WHO NEEDS THIS SERVICE?
There are several organizational scenarios where my services could help create and preserve an environment where relational and emotional health thrives
Do any of these scenarios apply to your organization?
When relational and emotional health is an organizational value
Some organizations highly value the relational and emotional health of their people. They know that organizational health significantly impacts their ability to achieve their mission and compete in the marketplace. Therefore, these organizations want to monitor and nurture employee relational and emotional health. Some have invested in employee engagement monitoring tools but want to be certain those tools are providing accurate feedback. Some want help detecting and addressing problems before they get out of hand or regularly reinforcing the resiliency and teamwork of their people.

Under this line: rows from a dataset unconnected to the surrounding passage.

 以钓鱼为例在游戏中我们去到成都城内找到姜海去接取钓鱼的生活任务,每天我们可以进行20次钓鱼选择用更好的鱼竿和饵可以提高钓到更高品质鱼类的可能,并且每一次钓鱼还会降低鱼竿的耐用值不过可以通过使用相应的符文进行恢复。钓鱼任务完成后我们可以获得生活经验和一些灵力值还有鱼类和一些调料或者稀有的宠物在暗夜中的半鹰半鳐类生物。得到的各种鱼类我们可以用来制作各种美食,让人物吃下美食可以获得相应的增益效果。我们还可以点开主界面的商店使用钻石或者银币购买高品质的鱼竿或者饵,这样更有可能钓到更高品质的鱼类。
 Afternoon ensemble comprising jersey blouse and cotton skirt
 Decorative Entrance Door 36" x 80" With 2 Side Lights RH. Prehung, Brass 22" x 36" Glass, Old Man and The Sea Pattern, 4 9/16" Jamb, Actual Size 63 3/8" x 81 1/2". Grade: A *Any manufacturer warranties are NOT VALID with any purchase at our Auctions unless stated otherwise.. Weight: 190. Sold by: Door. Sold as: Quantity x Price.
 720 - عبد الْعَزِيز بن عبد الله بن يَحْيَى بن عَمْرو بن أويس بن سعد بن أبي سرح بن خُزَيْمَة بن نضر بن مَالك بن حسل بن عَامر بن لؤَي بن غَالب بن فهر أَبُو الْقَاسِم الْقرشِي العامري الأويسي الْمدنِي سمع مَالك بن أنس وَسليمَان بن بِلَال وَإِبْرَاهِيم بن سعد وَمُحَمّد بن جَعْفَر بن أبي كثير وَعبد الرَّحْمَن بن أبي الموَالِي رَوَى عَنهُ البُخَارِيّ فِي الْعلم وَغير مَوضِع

When a problem is suspected
Sometimes organizations suspect that there is a problem with the relational and emotional health of their people, but they’re not sure how to look for it or what to do about it if they find it. Most leaders have limited visibility into the depths of their organizations, even if they have good tools and great interpersonal skills - it’s hard enough to understand the depths of one individual much less an entire organization. Until the issue becomes a crisis, it often remains hidden from even the most perceptive leaders. At that point, it is far more costly and difficult to address.
When a problem is known
Some organizations know they have serious problems that need to be addressed. It could be deteriorating morale among employees. Perhaps certain departments are underperforming or lacking in teamwork. There is conflict between peers or hostility between leaders and followers. Maybe it is proving difficult to recruit and keep good people. Absenteeism is rising and employee health declining. Human resources is seeing an increase in employee complaints. And the list goes on…

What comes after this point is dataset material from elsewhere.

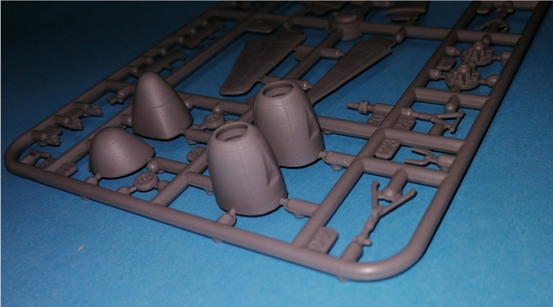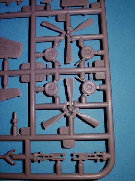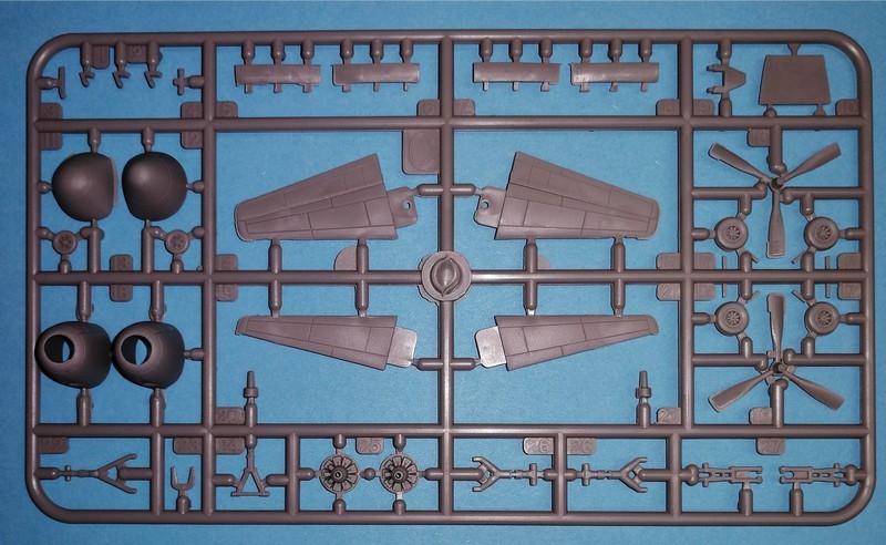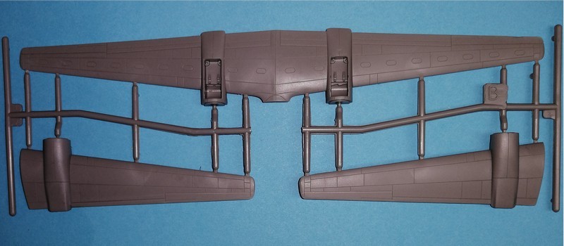 Für die Nase gibt es im Kasten die kurze Variante oder die längere Ausführung mit Radar. Ein Innenleben, sprich Cockpit oder gar eine Kabine gibt es nicht. Die Tragflächen entstehen aus einem durchgehenden unteren Stück, welche mit den beiden oberen Stücken komplettiert wird. Die Hinterkannte ist dabei zweiteilig, wobei Roden sich aber Mühe gegeben hat, diese so dünn wie möglich zu gestalten. Die beiden Motoren entstehen aus dem den beiden jeweils einteiligen Verkleidungen und einer Platte mit der ersten Reihe des 18-Zylindersternmotors. Dies ist in diesem Maßstab völlig ok. Die beiden Propeller sind die Varianten mit gerade Blattspitzen. Sie müssen noch etwas von Fischhaut befreit werden, was aber kein großes Problem ist.

When faced with known relational and emotional health problems in the organization, executives face several problems. First, analyzing and addressing this degree of dysfunction is a specialized skill. Though leaders are always a critical part of the solution, many lack this type of expertise and need expert assistance. Second, even when leaders do have this training and experience, they do not have the time to devote the kind of focus it takes to restore health. Finally, in many cases leaders lack credibility with the dysfunctional members of their organizations. This may not be fair, but it will seriously impede a leader’s ability to heal the organization - someone from outside the organization must help.
When the organization is experiencing stress
Organizations are much like individuals in that they can become stressed under certain circumstances and this can lead to dysfunction. There are various things that can stress an organization. Perhaps new leadership is being installed or a family succession in process. Maybe the organization is preparing for a merger or a downsizing. There might be a critical project coming up with high stakes and high expectations. The organization might be planning to implement a major change management process, or a new vision casting or culture development initiative. All of these can stress an organization.

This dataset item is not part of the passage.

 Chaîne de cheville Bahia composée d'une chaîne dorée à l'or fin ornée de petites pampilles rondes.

Furthermore, when an organization is overly stressed, people do not tend to receive and process new ideas, vision, or directives. This can mean that much of the money, time, and effort put into an initiative is wasted. When stress leads to dysfunction, the organization experiences reductions in productivity, retention, profitability, and other vital metrics.
The good news is that often these stressors are predictable. This provides an opportunity for the organization to reinforce the relational and emotional health of its people ahead of time.